Tuesday 25 June 2024

Pakistanistan Day 3, to Khaplu

The day started at 0630 with what must have been religious recitation broadcast at high volume from across the valley. It continues in the background like valley Muzak while we're having breakfast, drowned out slightly by the noisy river close-by and the scintillating conversation among our group. It's still continuing as we leave... the Muzak, not the conversation.

Our guide Tabish, says that this is a Shia Eid celebration, hence the recitation in the multiple villages that we pass. 

The road climbs a little as we leave the villages behind and we stop to take photos at a viewpoint overlooking the river. 
Climbing further away from the river we cross into another valley, this one seems dry (actually called the Sarfaranga Cold Desert), and we wind our way down into the valley floor. Reaching the bottom and we join a long tree lined avenue to the other side. 

Not far from here, we stop again at an Instagram type sign announcing Shigar as the Land of K2. Plenty of selfies from other tourists.

From here, were again following the side of the Indus on tarmac, broken tarmac and sandy patches. The river seems to be more powerful today and the rapids swirl purposefully.

The road becomes more twisty and there's more traffic so we're judging gaps and trying to see around blind bends. There are plenty of locals on bikes too.
I haven't worn much about the villages we've passed through or my favourite, waving. We only see the stretches of villages either side of the roads we're on, but they are the usual mix of shops, garages and schools that are typical in all the places we've ridden. 

And there's the usual mix of mums with kids, groups of children of both sexes, and mens drinking tea or smoking. I haven't waved much so far, but have started again and have received the universal response: a smile and a wave back; from men and children, the women are a little more reserved.

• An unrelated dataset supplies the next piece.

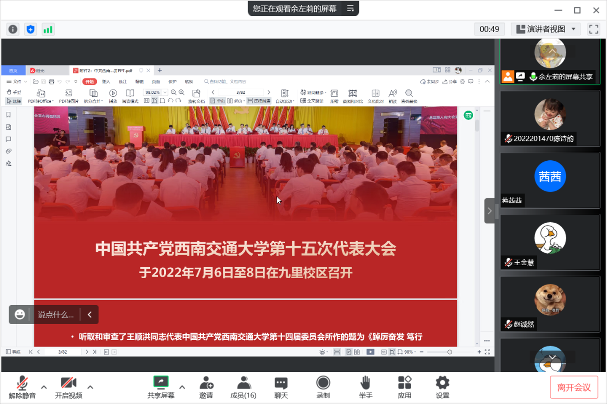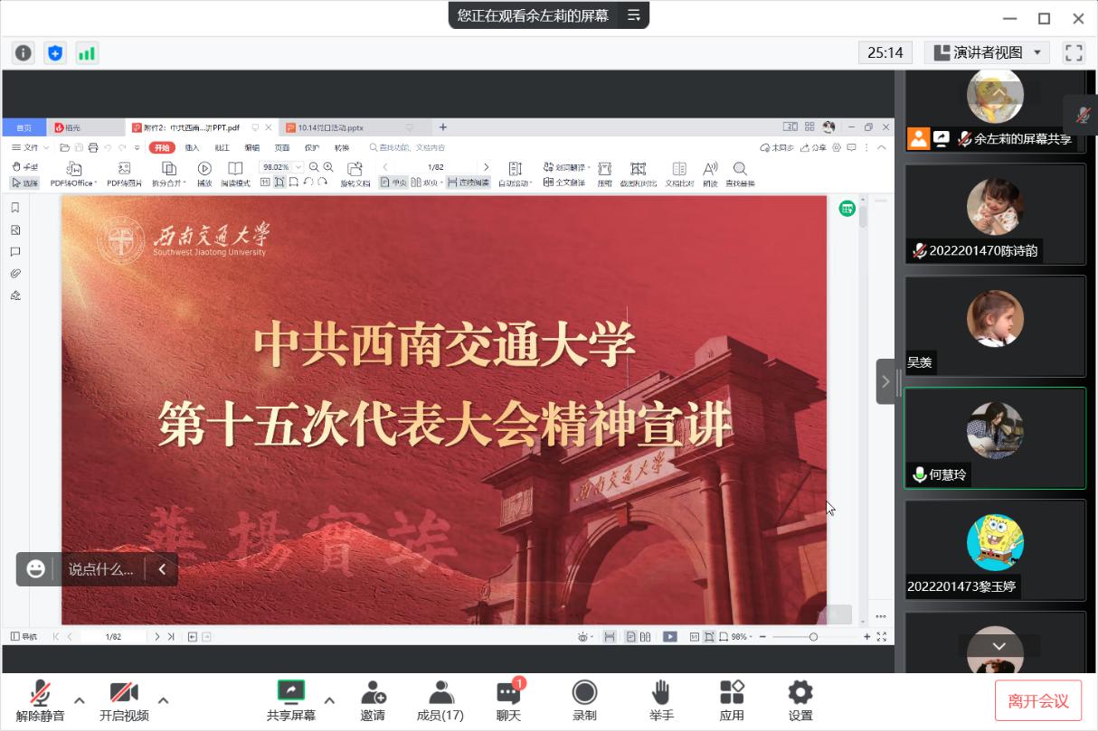 根据学校相关要求,并结合学院实际,在本支部书记及支委完成相关筹备工作之后,硕士2022级公管第一党支部于2022年10月14日14:30在腾讯会议app开展线上主题党日活动,支部全体党员参加,主要分为两项议程。

The next stop is the Manthokha Waterfall.  We've ridden here on the Skardu Kargil road. Kargil is across the border in Indian administered Kashmir. Years ago you would have been able to get to Kargil, but now this is one of the most hotly disputed borders in the world and it's only a track at the border, which is a shame. 

The waterfall's carpark is chaos, but we squeeze in and walk a short distance to the waterfall itself. The are hundreds of people there enjoying the cooling water, either directly under the waterfall or by dipping their feet in the water. 
Once again we are overwhelmed by people wanting to shake our hands, talk to us to find out where we're from and what we think of Pakistan, and then have a selfie with us. While we are leaving we pull along side cars and one wind down a window and throws out an empty crisp packet. Steve promptly picks it up and returns it to the car saying 'I think you dropped this'. The driver willingly accepted, not wanting to argue with a large English gentleman. Pakistan is a wonderful picturesque country, spoilt by litter, it's shocking to see the piles almost everywhere. If Pakistanis are so proud of their country,  why do they treat it like a toilet?

Lunch at a partly constructed restaurant after which we set off for our destination for the night. 

The road becomes more twisty. Hugo and Gerard lead and eventually our guide Tabish follows, but it takes him ages to catch Hugo as he's setting quite a pace. Eventually we catch him and we enjoy a very long section of road non stop. On one bend a heavily loaded old jeep sways in my direction, pulled by it's roof cargo and I instinctively duck my shoulder to avoid it, even though it was no where near me. 

Two guys on a loaded 125cc do well to stay with us, passing and then being passed, but eventually they can't keep up with our 150cc powerhouses! Later when we stop they come over to talk to us. They've ridden all the way from Islamabad; we flew. At some point Ray has a puncture. We contemplate leaving him behind. 🤣

As we've been riding nonstop for so long, the group stretches out over a greater distance than usual, and the guys at the back are not quite sure they are following the right road. But then they see kids waving and laughing and then they know they are following in the path of Biker Dom, who is the warm up act for the riders behind! 😁

A short ride to compete the day and we pull into the Khaplu Destination hotel. A tiring 5km run (we're now at 2500m) and then dinner in the hotel.... and then dinner!... AND THEN DINNER! Although the menu is extensive, it's more of an aspiration as half the things are not available. By the time we order it's already well past 830pm and the food takes an hour to reach us. By this time Mr Angry has left the building. That was his one meal per day. I hope he has breakfast (he didn't).